От прикосновения его рук женщину пробрал озноб. В этой продуваемой всеми ветрами комнате хан был холоден, как лед. Сквозь полуопущенные ресницы она могла видеть его лицо – темное, в крапину, как будто где-то внутри у него синяки. Вблизи стало заметно, что ноги у него все в прожилках, как мрамор. С кровяными прожилками были и бледно-желтые глаза. Прихлебывая чай, от которого по ветру ветвилась струйка пара, хан молча взирал на свою гостью.

Сорхахтани пристроилась у Угэдэя в ногах.

– Спасибо за то, что ты послал ко мне моего сына, – глядя на него снизу вверх, сказала она. – Для меня было утешением услышать наихудшее от него.

Угэдэй отвернулся. Чашку он переместил из одной руки в другую: горячий фарфор обжигал замерзшие пальцы. Знает ли эта коленопреклоненная женщина, насколько она красива, как пряма и горделива ее осанка, как шелковисты ее волосы, которые треплет налетающий ветер? Единственное живое существо в мире призраков, открытых его зачарованному созерцанию. С самого своего возвращения в Каракорум о смерти Тулуя он ни с кем не заговаривал. Чувствовалось, что Сорхахтани тянет именно к этой теме, и хан на своей низкой кушетке сейчас отстранялся, как мог, от этой женщины, единственное тепло для себя обретая в чашке, которую сейчас нянчил в руках. Неизъяснимые истома и слабость владели им все это время. Месяц летел за месяцем, а державные дела пребывали в запустении. Угэдэй все никак не мог отрешиться от сумрачных дымно-холодных рассветов и закатов. Он ждал смерти, а та все медлила, и он ее за это проклинал.

Сорхахтани с трудом верилось, что перед ней тот, прежний Угэдэй – настолько он изменился. Из Каракорума хан выехал полным жизни и боевого задора, постоянно был навеселе. Еще свежий после победы в борьбе за ханство, он со своими отборными туменами отправился потеснить границы цзиньского государства; все тяготы похода были ему нипочем. Вспоминать те дни – все равно что оглядываться на юность. Возвратился же Угэдэй ощутимо состарившимся, с глубокими морщинами на лбу, вокруг глаз и у рта. Пристальные мутные стариковские глаза уже не напоминали Чингисхана. В них не было искры, одна лишь равнодушная невозмутимость. Не было чутья опасности. А это никуда не годится.
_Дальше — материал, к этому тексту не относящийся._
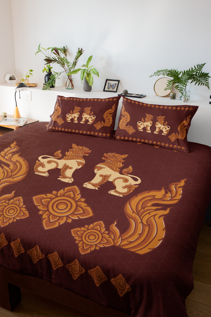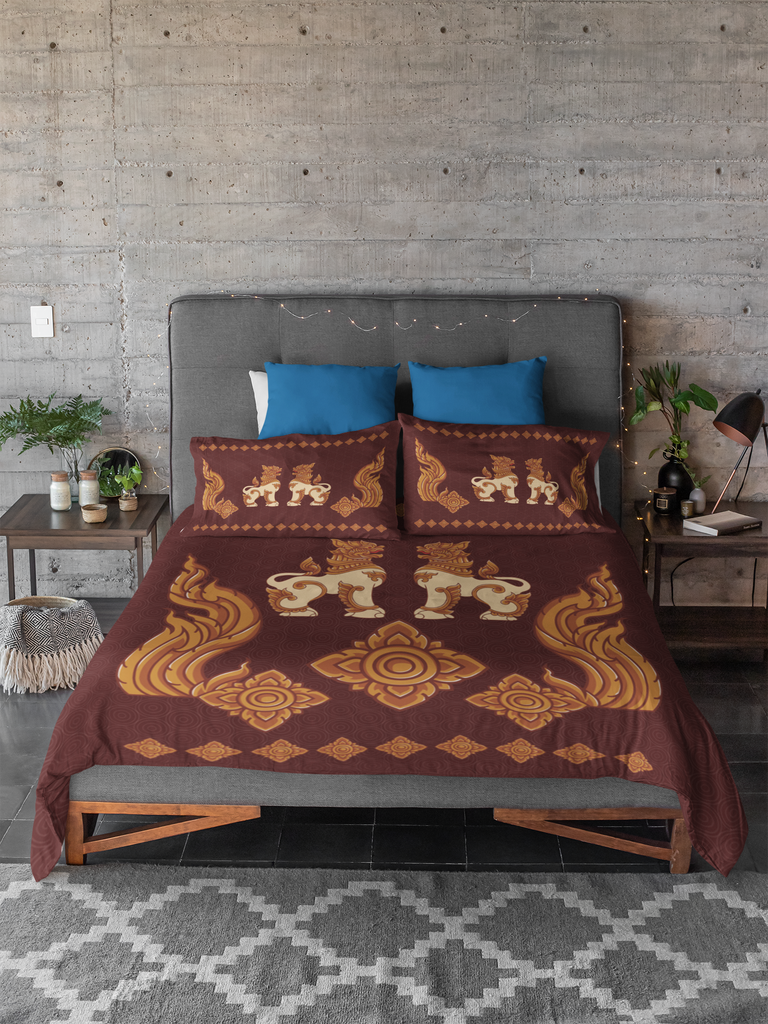 Myanmar Lion with Kanote brown Microfiber Duvet Cover

– Мой муж был в добром здравии, – заговорила Сорхахтани с внезапным жаром. – Он прожил бы еще много лет, увидел бы, как из его сыновей вырастают настоящие мужчины, мужья. Быть может, у него были бы еще и другие дети, от других жен, помоложе. Со временем он стал бы дедом. Мне нравится размышлять о радости, которую Тулуй испытывал бы в свои зрелые годы.

Угэдэй отшатнулся так, будто она на него набросилась, но Сорхахтани продолжала без колебаний, а голос ее был тверд и чист, так что отчетливо звучало каждое слово:

– Чувство долга у него было такое, мой великий хан, какое нынче редко у кого и встретишь. Свой народ он ставил выше своего здоровья и благополучия, выше самой своей жизни. Он верил во что-то более великое, чем он сам, чем мое счастье, чем даже жизни его сыновей. Пожалуй, он видел жизнь глазами твоего отца; верил, что народ державы, поднявшейся из степных племен, сможет найти себе достойное место в мире. Что он заслуживает такого места.

– Я… – начал Угэдэй. – Я говорил, что…

Сорхахтани перебила его, от чего глаза хана на мгновение стали яркими от гнева, но затем вновь потускнели:

– Он бросил свое будущее на ветер, но не только ради тебя, мой повелитель. Он любил тебя, но дело здесь не только в любви, а еще в воле и в мечтах его отца. Понимаешь ли ты это?

– Конечно, понимаю, – устало ответил Угэдэй.